Pernyataan dari PT GMTD

Presiden Direktur PT GMTD, Ali Said, menanggapi pernyataan kuasa hukum Jusuf Kalla yang menyebut bahwa legalitas kepemilikan lahan oleh GMTD tidak memiliki dasar hukum. Ia menegaskan bahwa perusahaan miliknya memiliki dokumen hukum yang lengkap dan terbuka. Dokumen-dokumen ini mencakup sertifikat resmi dari BPN, seperti SHM 25/1970 yang kemudian diperbarui menjadi SHM 3307/1997, serta SHGB 20454/1997. Selain itu, GMTD juga memiliki pembukuan audited sebagai perusahaan terbuka.

Ali menjelaskan bahwa pihaknya telah menerima empat putusan inkracht antara tahun 2002–2007 yang memenangkan GMTD. Selain itu, ada eksekusi PN Makassar tanggal 3 November 2025 dan dokumen PKKPR per tanggal 15 Oktober 2025. "Semua dokumen tersebut tidak pernah dibantah karena memang tidak bisa dibantah," ujarnya dalam keterangan resmi.

Selain itu, Ali menegaskan bahwa pernyataan kuasa hukum Jusuf Kalla yang menyebut GMTD hanya diperbolehkan mengembangkan pariwisata adalah keliru.

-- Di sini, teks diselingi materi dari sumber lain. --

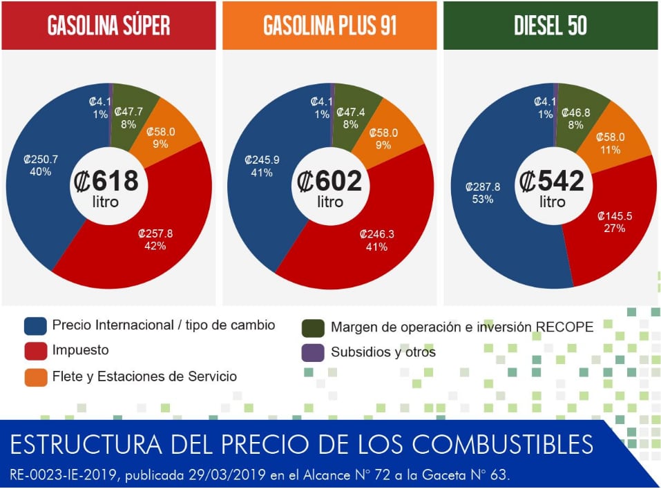 Por otra parte, un porcentaje del dinero cobrado a los consumidores responde a un margen de comercialización e inversión de Recope, el cual hoy equivale a un 8% de los precios.

Menurutnya, Akta Pendirian Perseroan menunjukkan bahwa tujuan usaha PT GMTD meliputi industri kepariwisataan dan bidang-bidang lainnya, termasuk investasi dan keikutsertaan modal dalam usaha lain. Hal ini memberi hak hukum bagi GMTD untuk mengembangkan real estate, kawasan hunian, dan komersial.

Tanggapan dari PT Hadji Kalla

Di sisi lain, Jusuf Kalla melalui juru bicaranya, Husain Abdullah, menanggapi tudingan GMTD dengan menyatakan bahwa dasar hukum kepemilikan lahan oleh GMTD sebenarnya tidak selaras. Menurut Husain, prinsip SK Gubernur No. 118/XI/1991 yang menjadi pegangan Lippo Group-GMTD adalah untuk keperluan wisata, bukan real estate atau jual beli tanah. Ia juga menyatakan bahwa pelaksanaan SK tersebut tidak boleh asal main rampas tanah milik rakyat, karena itu sama saja mempraktekkan Serakahnomics yang dilarang oleh Presiden Prabowo.

Husain menambahkan bahwa SK penugasan pembangunan usaha pariwisata melalui izin prinsip tahun 1991 telah dicabut dengan SK Gubernur No. 17/VI/1998 tanggal 24 Juni 1998. Perubahan tujuan tersebut tidak dapat dibenarkan karena mengubah secara prinsip dasar peruntukan yang sebelumnya diharapkan lebih menguntungkan publik.

Penjelasan dari Chief Legal & Sustainability Officer Kalla

Chief Legal & Sustainability Officer Kalla, Subhan Djaya Mappaturung, menyatakan bahwa lahan tersebut direncanakan untuk pembangunan proyek properti terintegrasi. Namun, sejak aktivitas pematangan lahan dimulai pada 27 September 2025, pihaknya mengalami banyak gangguan fisik yang diduga dilakukan oleh pihak GMTD.

Subhan juga menyatakan bahwa GMTD telah mengajukan permohonan eksekusi atas lahan tersebut, namun permohonan tersebut berdasarkan perkara yang melibatkan Manyombalang Dg Solong, bukan Kalla Group. "Kami membeli tanah ini dari orang tua Karaeng Ici', ahli waris dari Pallawaruka, bukan dari Manyombalang. Sertifikat kami tidak pernah digugat tapi tiba-tiba tanah itu mau dieksekusi," ungkap Subhan.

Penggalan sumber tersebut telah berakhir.